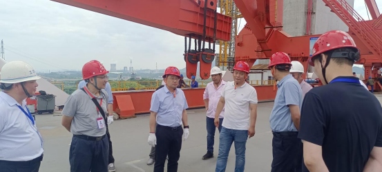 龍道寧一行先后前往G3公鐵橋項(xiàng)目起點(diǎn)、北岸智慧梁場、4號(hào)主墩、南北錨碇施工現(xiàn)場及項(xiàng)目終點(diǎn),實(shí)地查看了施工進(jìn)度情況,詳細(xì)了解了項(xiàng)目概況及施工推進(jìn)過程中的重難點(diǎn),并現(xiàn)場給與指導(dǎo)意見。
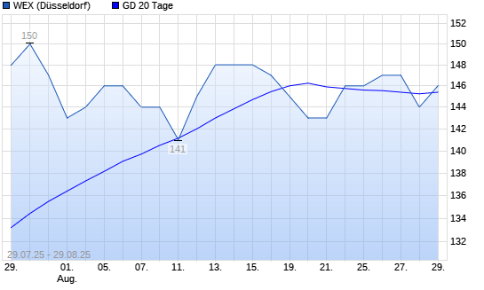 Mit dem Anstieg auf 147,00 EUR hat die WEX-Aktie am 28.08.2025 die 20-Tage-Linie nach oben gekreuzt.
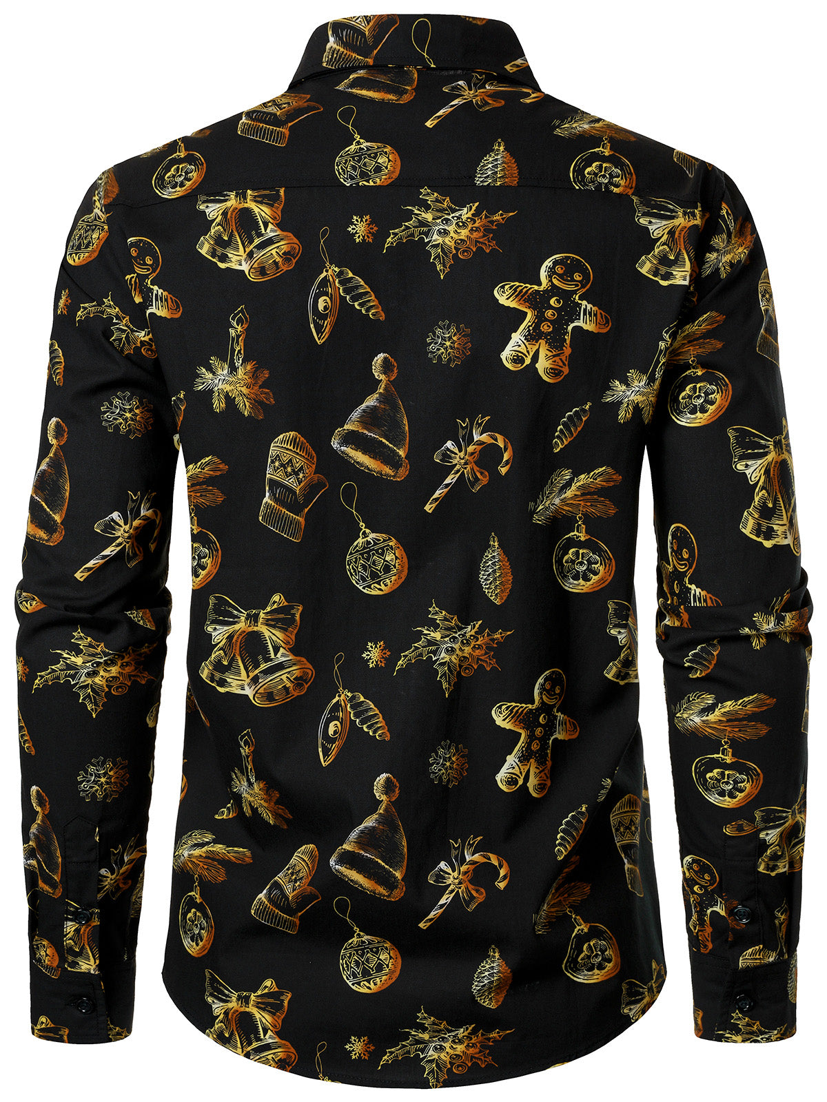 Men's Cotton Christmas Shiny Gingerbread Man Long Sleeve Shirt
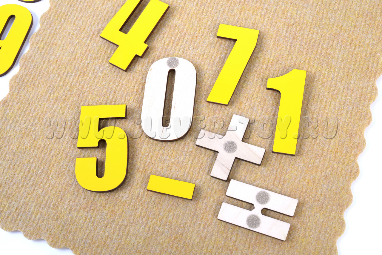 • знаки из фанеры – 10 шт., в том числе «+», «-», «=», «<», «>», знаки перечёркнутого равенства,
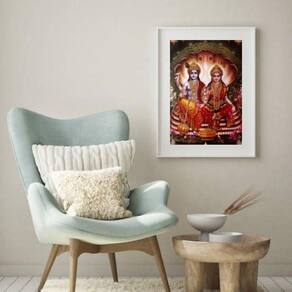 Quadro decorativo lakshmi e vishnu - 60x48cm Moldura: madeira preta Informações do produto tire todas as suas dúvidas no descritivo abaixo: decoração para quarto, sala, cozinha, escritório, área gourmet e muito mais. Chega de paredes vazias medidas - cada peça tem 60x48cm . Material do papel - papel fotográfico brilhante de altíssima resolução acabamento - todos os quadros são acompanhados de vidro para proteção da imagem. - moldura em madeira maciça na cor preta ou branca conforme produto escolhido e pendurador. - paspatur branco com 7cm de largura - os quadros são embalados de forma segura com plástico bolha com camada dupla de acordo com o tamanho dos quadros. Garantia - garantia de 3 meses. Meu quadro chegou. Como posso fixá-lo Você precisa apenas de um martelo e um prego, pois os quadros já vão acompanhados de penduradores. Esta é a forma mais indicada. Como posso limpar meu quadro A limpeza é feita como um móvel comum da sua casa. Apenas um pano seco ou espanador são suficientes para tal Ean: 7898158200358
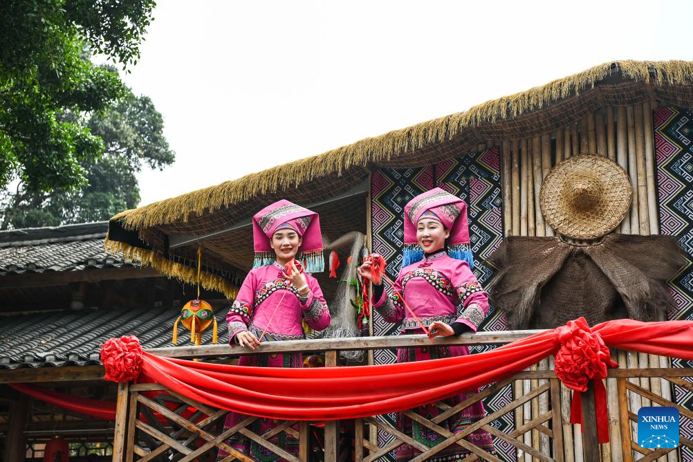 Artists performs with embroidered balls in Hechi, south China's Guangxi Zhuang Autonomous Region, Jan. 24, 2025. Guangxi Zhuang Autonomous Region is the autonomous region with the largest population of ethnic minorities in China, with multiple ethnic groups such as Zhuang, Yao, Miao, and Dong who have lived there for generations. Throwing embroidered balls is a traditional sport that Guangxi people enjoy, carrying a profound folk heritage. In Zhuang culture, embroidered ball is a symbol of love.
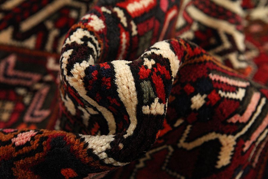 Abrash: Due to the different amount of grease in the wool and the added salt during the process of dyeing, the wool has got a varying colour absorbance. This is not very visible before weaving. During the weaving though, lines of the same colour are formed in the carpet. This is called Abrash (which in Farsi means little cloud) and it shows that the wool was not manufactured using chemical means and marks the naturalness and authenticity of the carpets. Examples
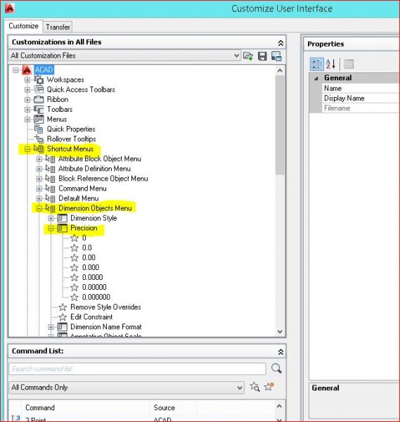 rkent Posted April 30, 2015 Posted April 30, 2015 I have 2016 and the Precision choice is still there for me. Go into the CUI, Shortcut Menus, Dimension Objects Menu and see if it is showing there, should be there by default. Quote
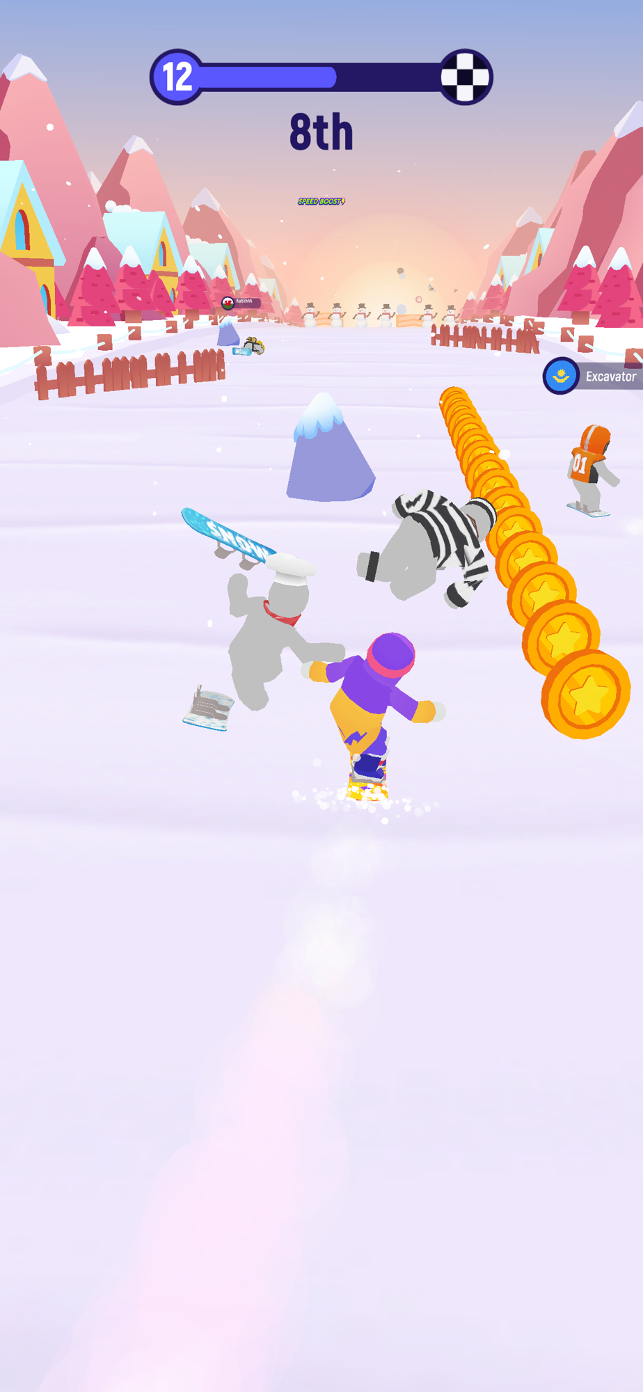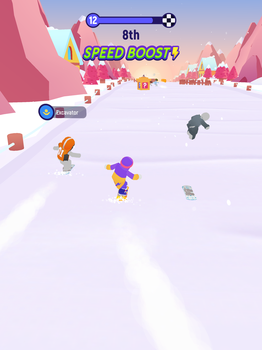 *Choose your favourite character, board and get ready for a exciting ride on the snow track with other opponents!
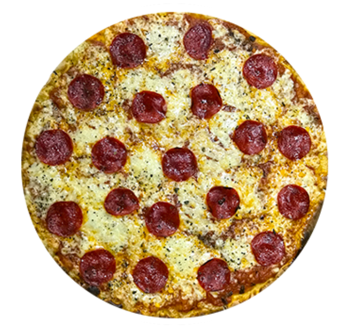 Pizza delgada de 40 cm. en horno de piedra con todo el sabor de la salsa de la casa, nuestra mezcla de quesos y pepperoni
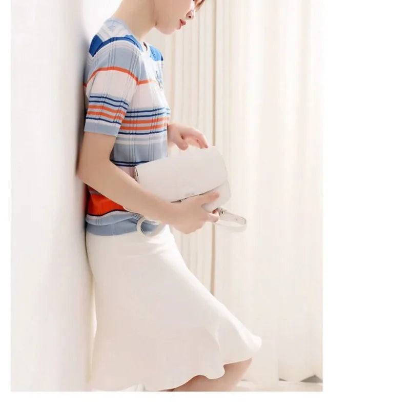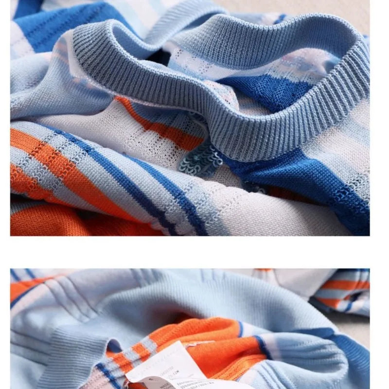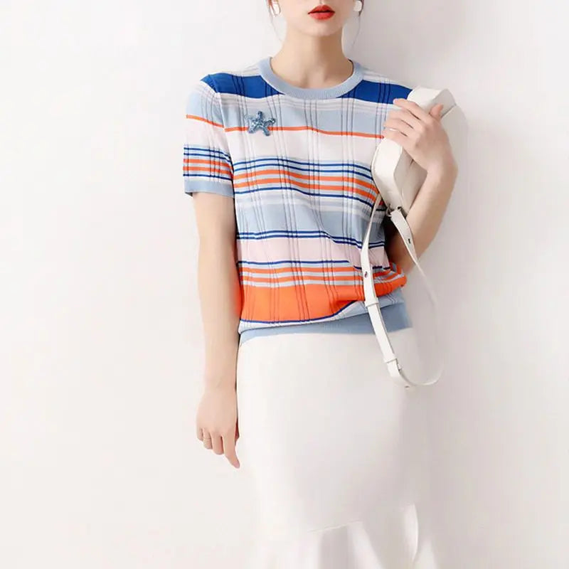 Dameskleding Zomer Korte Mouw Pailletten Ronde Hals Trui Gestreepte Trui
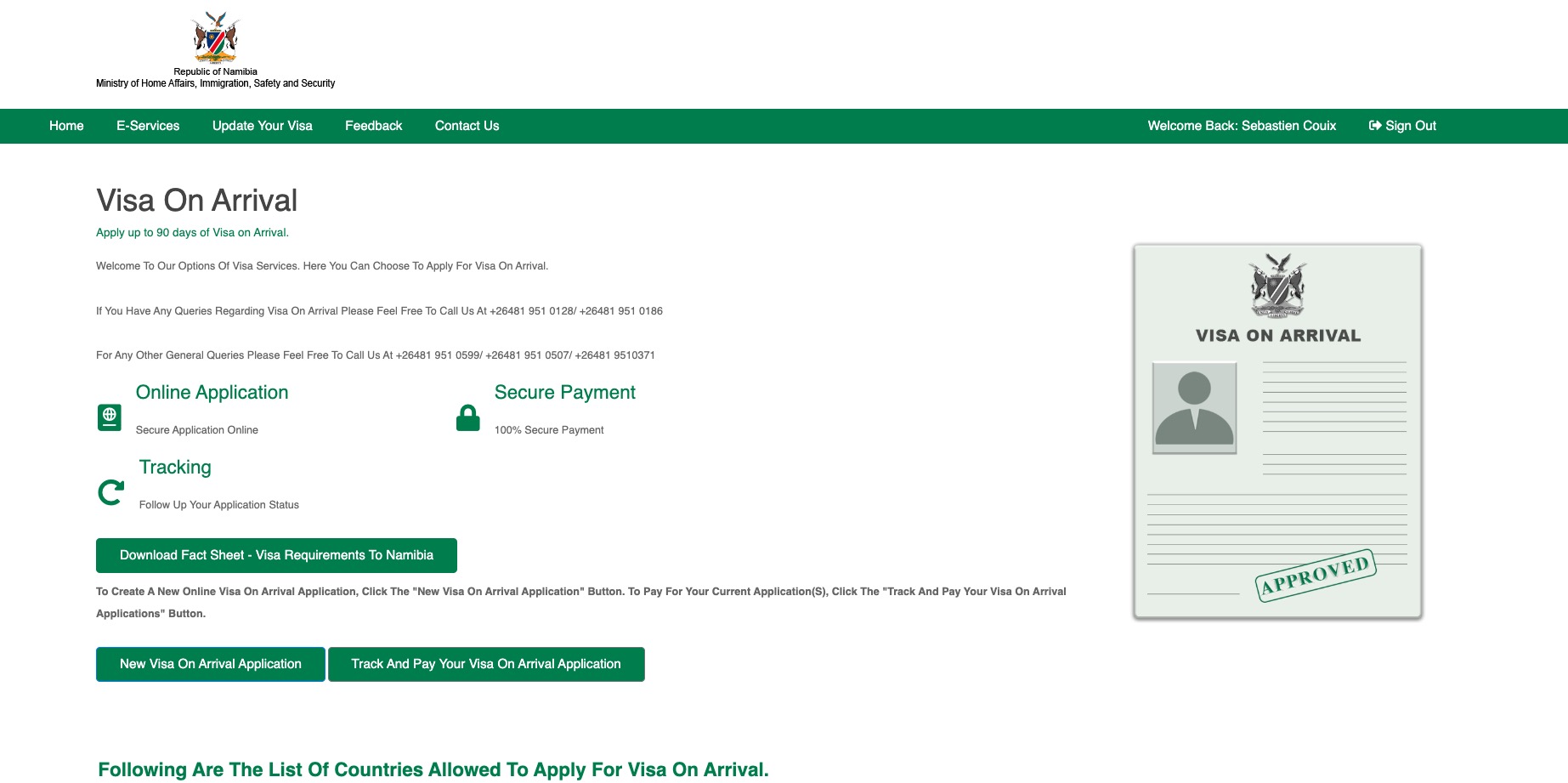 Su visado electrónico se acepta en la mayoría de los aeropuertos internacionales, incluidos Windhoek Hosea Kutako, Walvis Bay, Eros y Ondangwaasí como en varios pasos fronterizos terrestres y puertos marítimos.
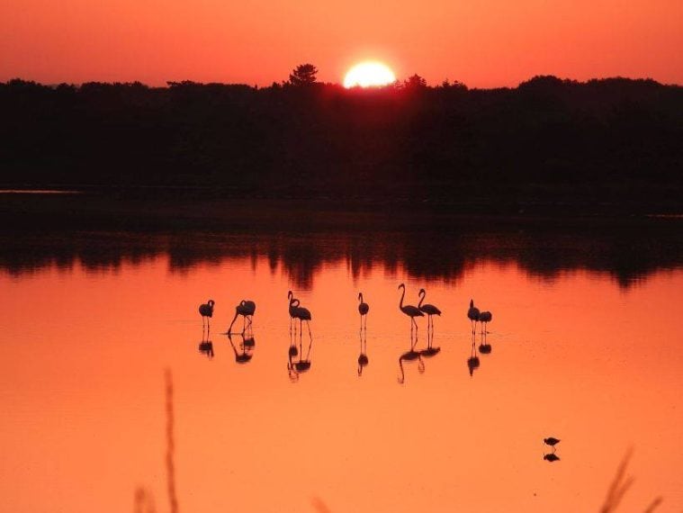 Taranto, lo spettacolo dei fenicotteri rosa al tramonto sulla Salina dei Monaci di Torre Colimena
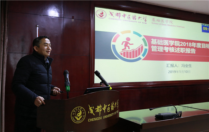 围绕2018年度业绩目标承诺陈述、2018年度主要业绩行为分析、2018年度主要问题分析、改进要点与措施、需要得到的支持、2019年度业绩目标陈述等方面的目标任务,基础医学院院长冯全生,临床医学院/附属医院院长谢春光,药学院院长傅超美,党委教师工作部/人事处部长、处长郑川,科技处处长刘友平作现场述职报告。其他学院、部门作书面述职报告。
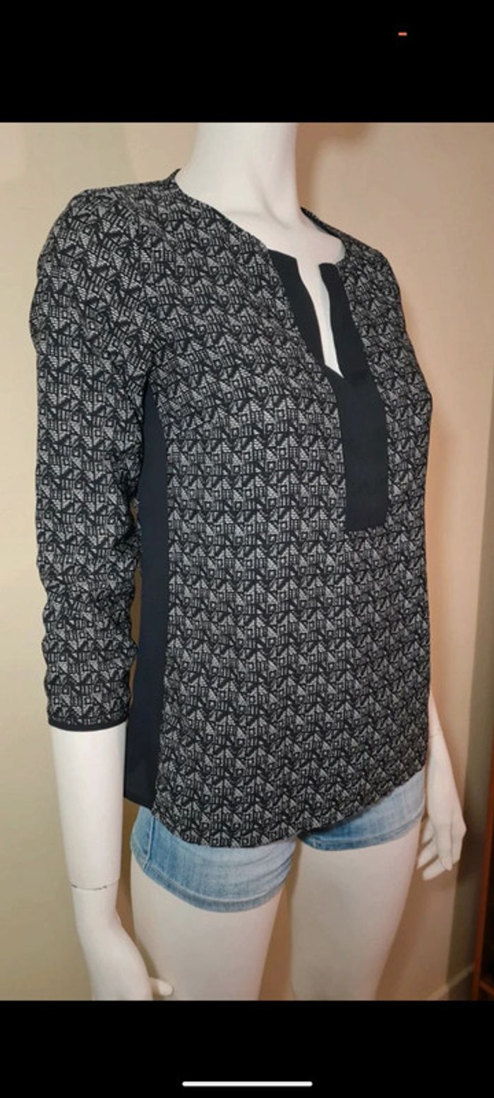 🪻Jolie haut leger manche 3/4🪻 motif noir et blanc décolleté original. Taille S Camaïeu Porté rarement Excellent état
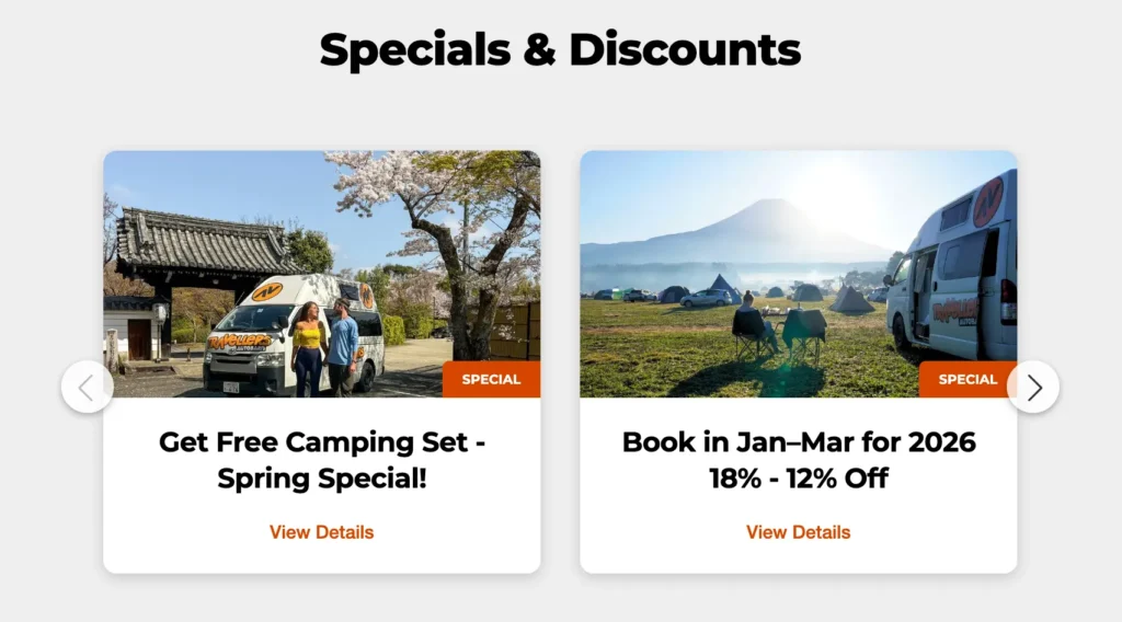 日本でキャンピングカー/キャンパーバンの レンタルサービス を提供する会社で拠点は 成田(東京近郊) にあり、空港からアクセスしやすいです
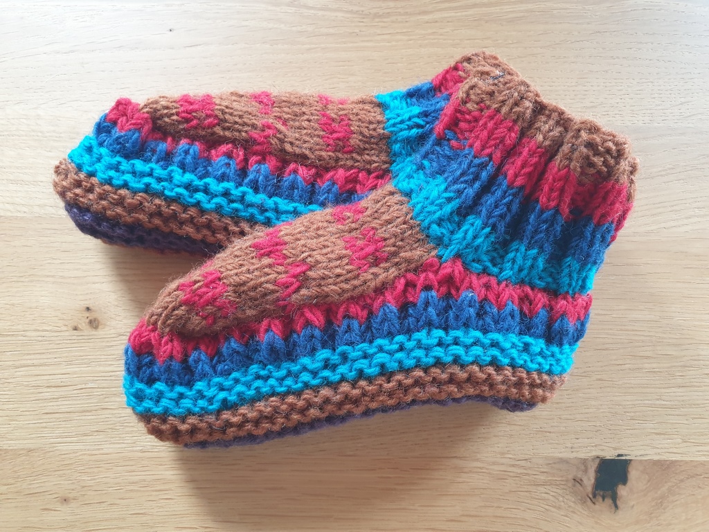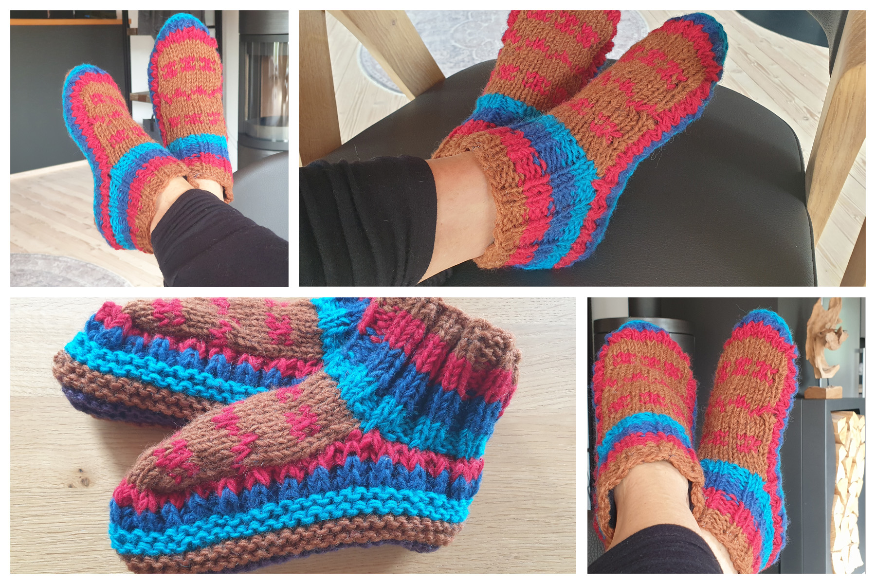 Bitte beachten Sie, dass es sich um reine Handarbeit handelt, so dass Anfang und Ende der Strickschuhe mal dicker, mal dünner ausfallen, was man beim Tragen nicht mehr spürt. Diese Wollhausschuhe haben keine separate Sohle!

------------------------

_WHAT YOU ARE ASKED TO DO_. Your task is to copy exactly the lines from the line containing "Taranto, lo spettacolo" through the final line of the listing above and to omit every picture.

_OUTPUT FOR THIS TASK_.
 Taranto, lo spettacolo dei fenicotteri rosa al tramonto sulla Salina dei Monaci di Torre Colimena
 围绕2018年度业绩目标承诺陈述、2018年度主要业绩行为分析、2018年度主要问题分析、改进要点与措施、需要得到的支持、2019年度业绩目标陈述等方面的目标任务,基础医学院院长冯全生,临床医学院/附属医院院长谢春光,药学院院长傅超美,党委教师工作部/人事处部长、处长郑川,科技处处长刘友平作现场述职报告。其他学院、部门作书面述职报告。
 🪻Jolie haut leger manche 3/4🪻 motif noir et blanc décolleté original. Taille S Camaïeu Porté rarement Excellent état
 日本でキャンピングカー/キャンパーバンの レンタルサービス を提供する会社で拠点は 成田(東京近郊) にあり、空港からアクセスしやすいです
 Bitte beachten Sie, dass es sich um reine Handarbeit handelt, so dass Anfang und Ende der Strickschuhe mal dicker, mal dünner ausfallen, was man beim Tragen nicht mehr spürt. Diese Wollhausschuhe haben keine separate Sohle!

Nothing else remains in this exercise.